Jumat, 02 April 2010

Bebas dari kungkungan konsep

Profesor yang satu ini memang eksentrik.

Rambutnya yang sudah banyak beruban dibiarkan panjang dan diikat ekor kuda, jenggotnya yang panjang dan kumisnya yang juga beruban dibiarkan agak liar memenuhi sekitar mulutnya yang selalu terselip sebatang rokok Jisamsoe kesukaannya.

Salah satu yang diajarkannya adalah mencoba membongkar persepsi yang terkungkung oleh konsep, oleh ide, dan oleh dogma. Pembebasan diri dari kungkungan seperti itu kedengaran mudah, namun ternyata bagi banyak orang tidak selalu semudah membalikkan telapak tangan. Hari itu dia berbicara tentang agama, berbagai belief systems, sistem kepercayaan yang ada di Indonesia.

Dia mendekati salah satu mahasiswa yang sedang mengikuti kuliahnya pada hari itu, dan dengan tatapan matanya yang tajam dibalik kacamata bulat kecil yang nampak lucu, dia bertanya: " .. apa pendapatmu seandainya tuhan tidak ada .. ?" Sebuah pertanyaan yang tidak terduga, dan sebuah pengandaian yang tidak umum dilakukan.
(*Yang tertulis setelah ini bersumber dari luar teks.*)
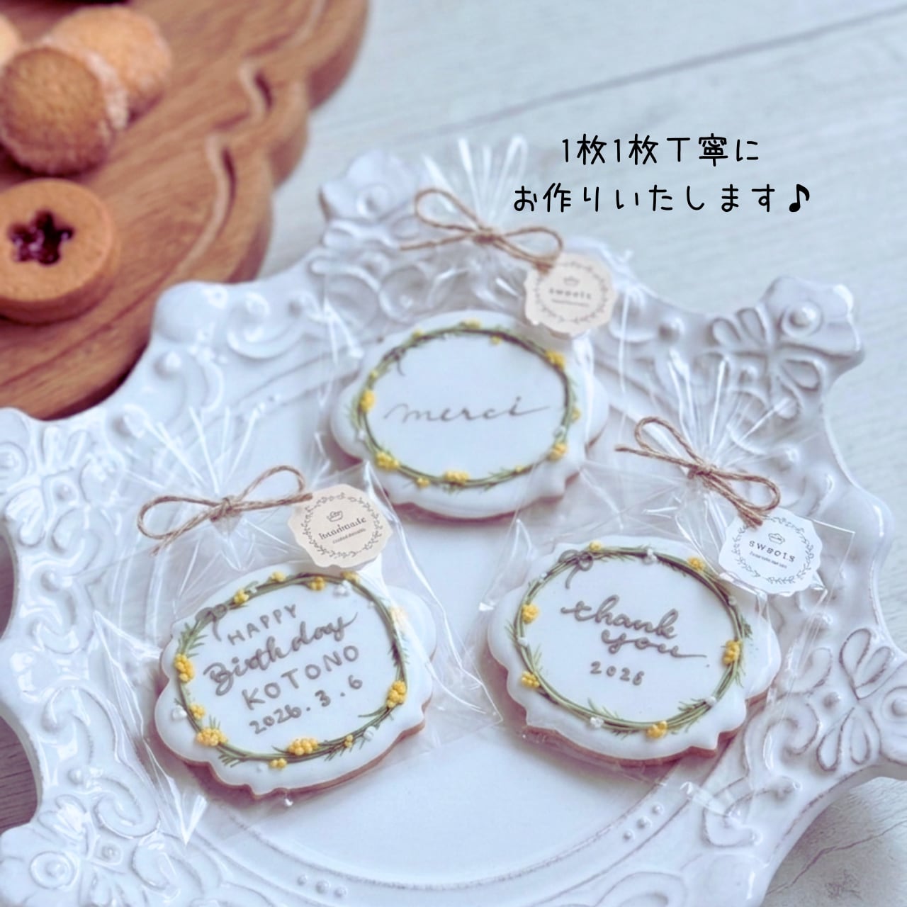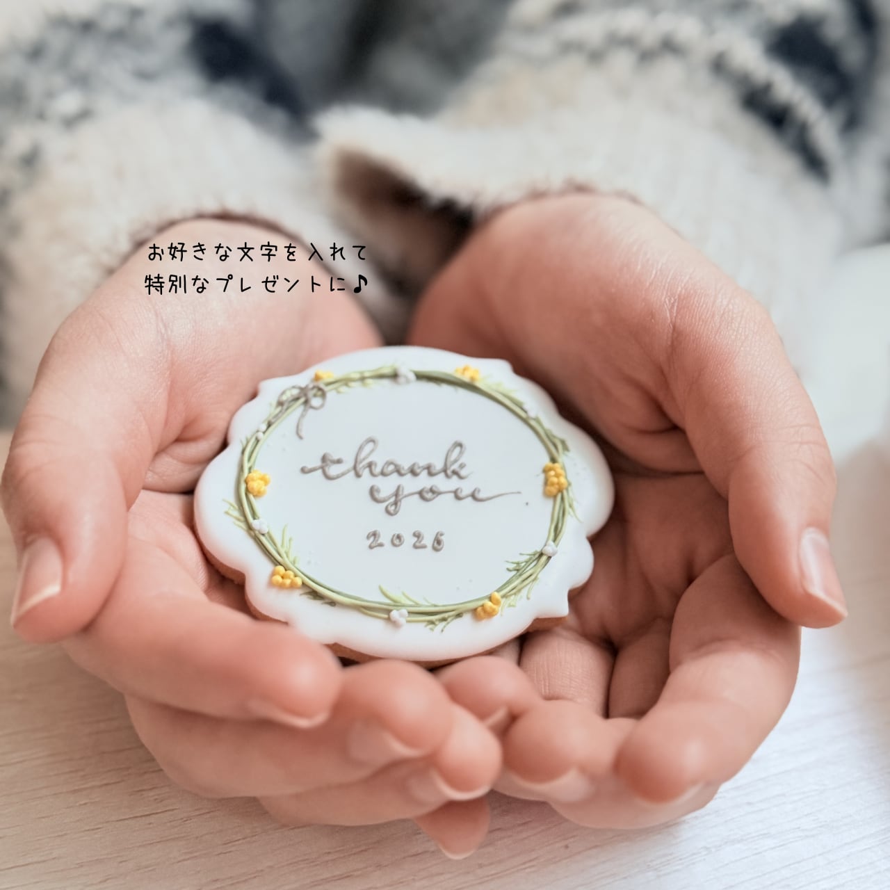 手のひらサイズの大きめのクッキーですので長めの文章も入れられます♪

Si mahasiswa terlihat gelagapan dan tidak bisa menjawab.

Lalu profesor itu mendekati seorang mahasiswa perempuan dan bertanya: " .. kenapa kamu pakai beha dan celana dalam ..?" Si mahasiswa tidak dapat menjawab dan hanya mampu memperlihatkan wajahnya yang mendadak berubah merah menahan malu.

Setelah itu profesor ini mulai menjelaskan betapa seseorang akan sukar sekali membebaskan diri dari sebuah ide yang selama hidupnya sudah menjadi kebiasaan, sebuah kepercayaan, sebuah dogma, bahkan menjadi sebuah iman, bagian dari sebuah sistem kepecayaan. Ketika diajukan sebuah pernyataan antitesis, seseorang tidak pernah siap untuk menerimanya. Sewaktu seseorang diajak untuk berpikir keluar dari kotak (out of the box), dia sering merasa gamang karena kemudian tidak mempunyai dasar berpijak atau pegangan yang sudah secara umum tersedia atau disediakan oleh orang lain.
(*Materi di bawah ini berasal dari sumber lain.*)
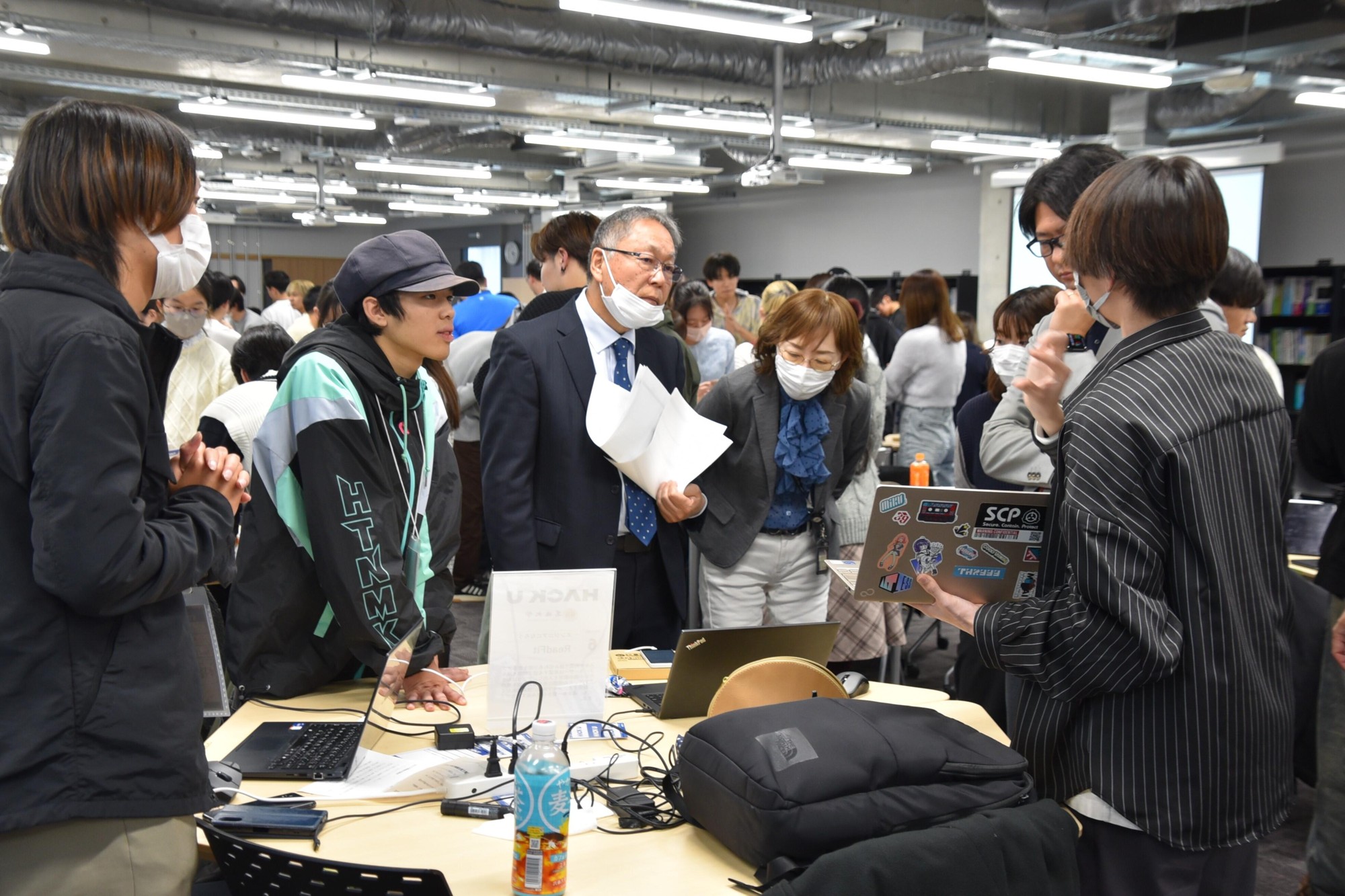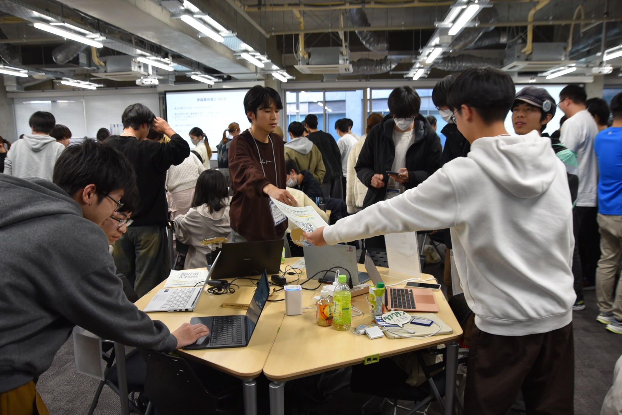 各チームはプレゼンで、課題を把握した背景やその解消に向けたサービスの機能、操作の方法、活用した技術仕様、今後の展開などをパワーポイントで簡潔に説明。さらにその後の展示会では、各チームのテーブルを回る審査員や他チームの学生、LINEヤフーの社員に、実際にスマホやパソコンの画面でアプリを起動させて操作したり、起業活動拠点ものづくりスペースM-STUDIOなどを活用して製作した試作品を動かしたりして、詳しい機能などの質問に答えていました。

Lalu, pertanyaan berikut misalnya: bisakah kita hidup seandainya tidak ada Tuhan?

Barangkali bagi seorang muslim atau kristen, hal ini tidaklah mungkin terjadi. Banyak alasannya, termasuk misalnya, lalu siapa yang menciptakan kita dan alam beserta semua isinya ini? Namun bagi seorang buddhis, ada tuhan ya syukur, tidak ada juga tidak apa-apa. Lain lagi bagi seorang atheist, yang misalnya akan bertanya kembali, memang Tuhan pernah ada? Kalaupun ada itu kan ciptaan manusia, sehingga "keberadaannya" gak penting amat.
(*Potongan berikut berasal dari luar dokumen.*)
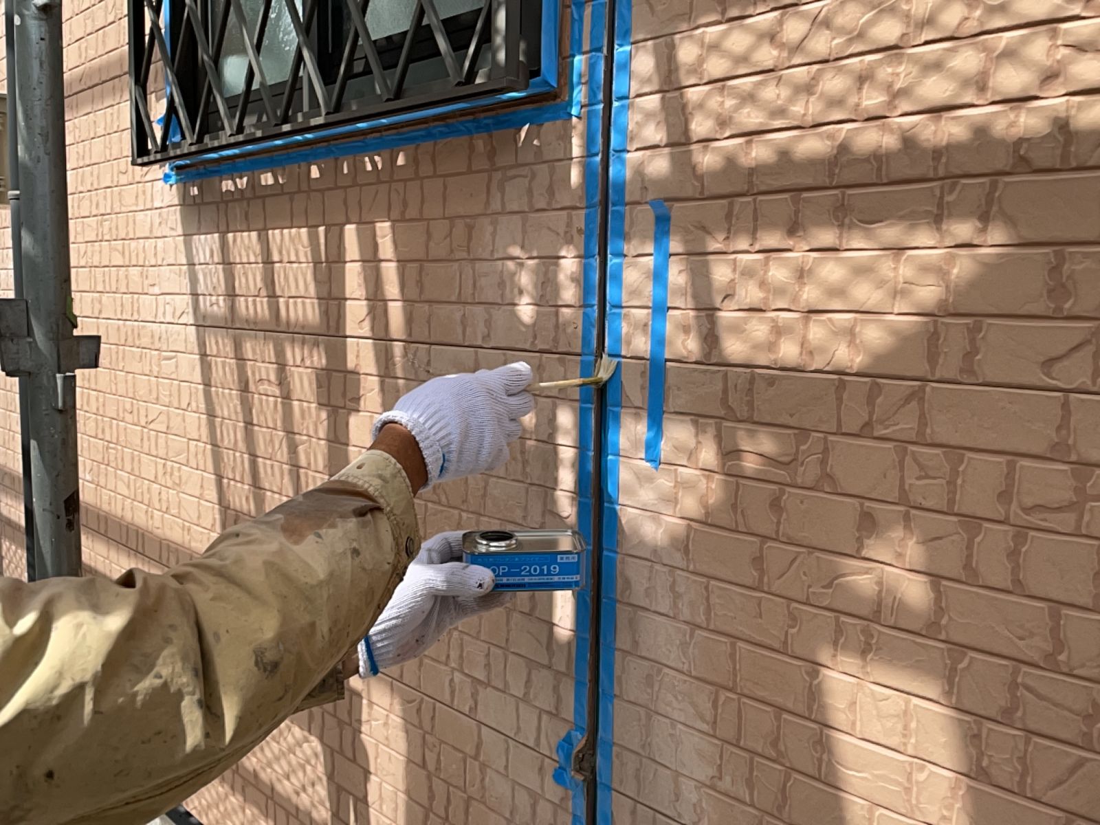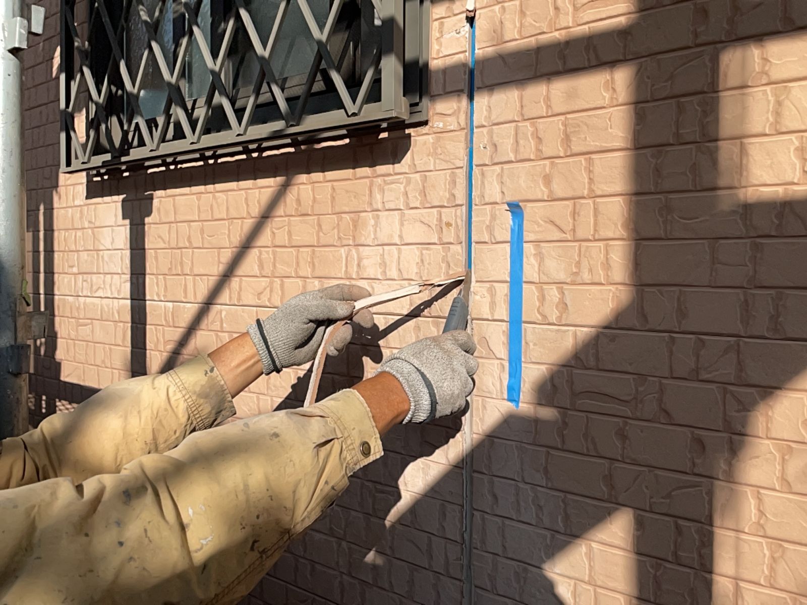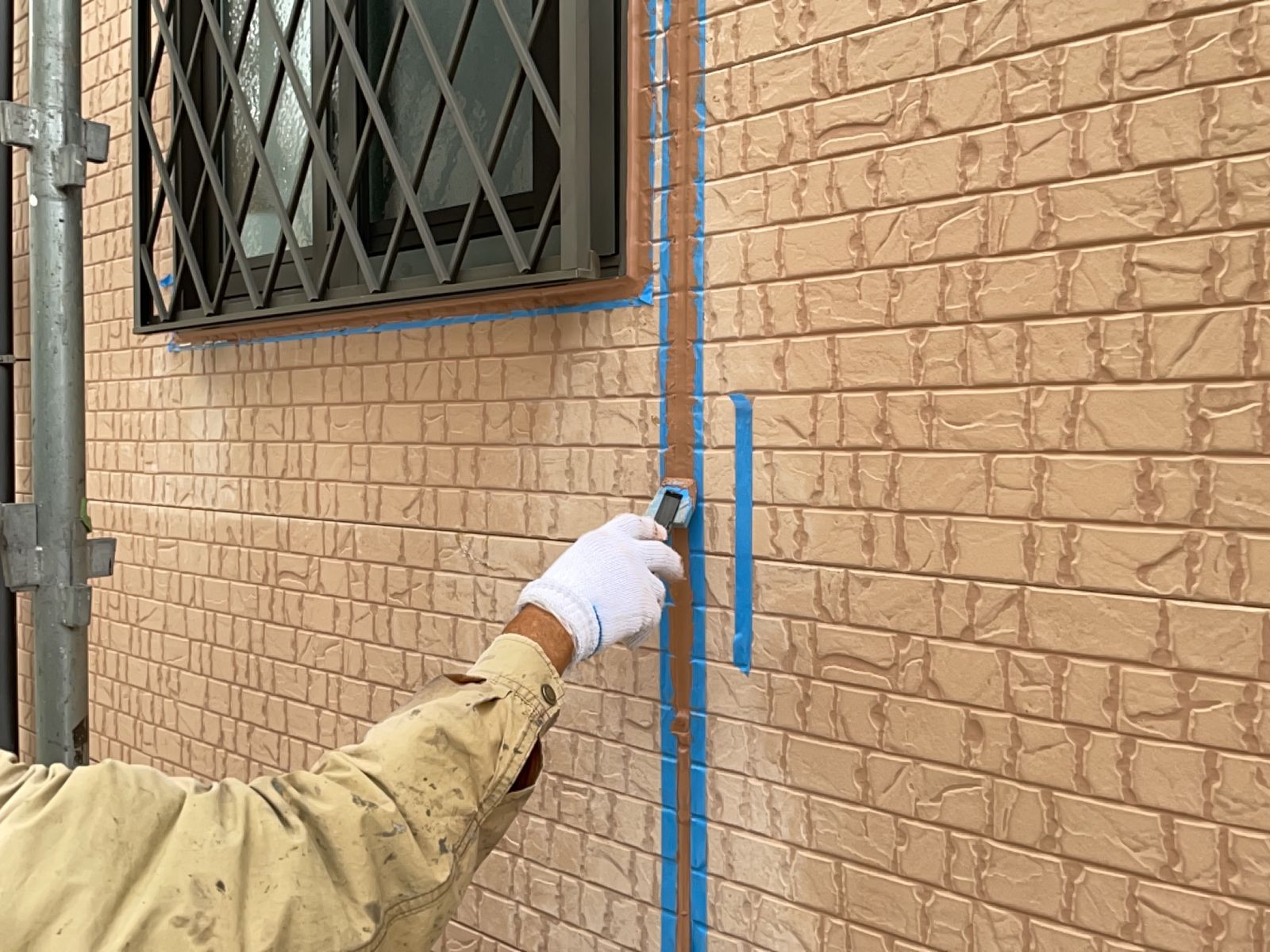 外壁目地のシーリングが経年の劣化により剥がれ、外壁のヒビ割れが確認できました。

Manusia hidup dan berkembang berdasarkan opini. Opini yang diterima dan berlaku umum kemudian menjadi sebuah nilai yang dianut dan diagungkan. Mempertanyakan dan mengajukan anti-thesis terhadap nilai-nilai ini menjadi sebuah anomali perspektif. Bahkan bisa dianggap pemberontakan terhadap tradisi, konvensi dan budaya.

Bagiku, kebebasan dari konsep, mempunyai ide kreatif, keberanian menerobos dan mendobrak perspektif untuk menemukan nilai universal merupakan awal dari kebahagiaan dalam hidup. Karena kebebasan seperti itu mampu menjangkau nilai-nilai yang lebih luas, lebih dalam dan berlaku bagi siapapun dan apapun. Kemampuan ini juga merupakan keterbukaan terhadap sesuatu yang baru, sebuah proses pembelajaran yang diperlukan untuk memperkaya pemahaman kita tentang hidup dan kehidupan ini. Sebuah sifat yang universal dan menjadi obyektif, tidak lagi relatif. Realitas adalah nilai2 yang tidak relatif. Di situlah kita bisa memahami realitas, hidup lebih membumi tidak mengawang, akan lebih mampu menemukan kemanusiaan kita sendiri. Kearifan akan lebih mudah kita pupuk dari pemahaman akan nilai kemanusiaan kita.